What the task asks → Search the lines of the records for the word "ProSweet", and copy every line that has it.

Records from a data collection
>>>>>
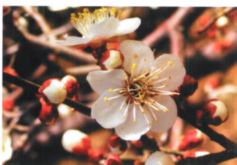
图 359: '米良'梅:真梅品种群。北京植物园保存。国际登录号:2429。 'Mi Liang' Mei (nice rice): True Mume Group, preserved at Beijing Botanical Garden, Beijing, China. Intern. Reg. No. 2429.
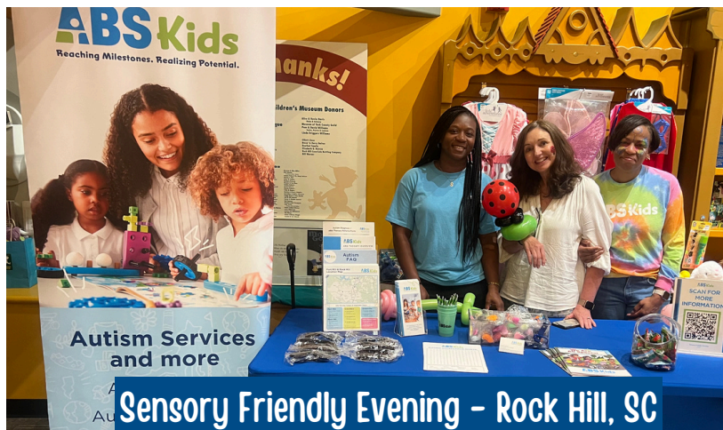
Sensory Friendly Evening - Rock Hill, SC
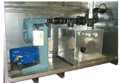
ProSweet™ OC2533 Odor Neutralization

Privately owned landfill near the Great Lakes was experiencing numerous complaints from its Northeastern neighbors. It switched odor control treatment from a cherry masking agent to ProSweet™ OC2533 vaporless neutralizer and eliminated neighbor complaints.
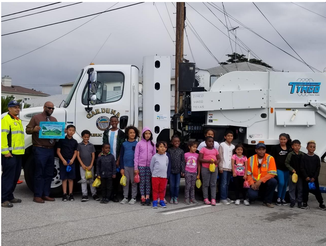
Figure 2: New CNG street sweeper on display at an event for Public Works Week
<<<<<
Solution for this exercise →
ProSweet™ OC2533 Odor Neutralization
Privately owned landfill near the Great Lakes was experiencing numerous complaints from its Northeastern neighbors. It switched odor control treatment from a cherry masking agent to ProSweet™ OC2533 vaporless neutralizer and eliminated neighbor complaints.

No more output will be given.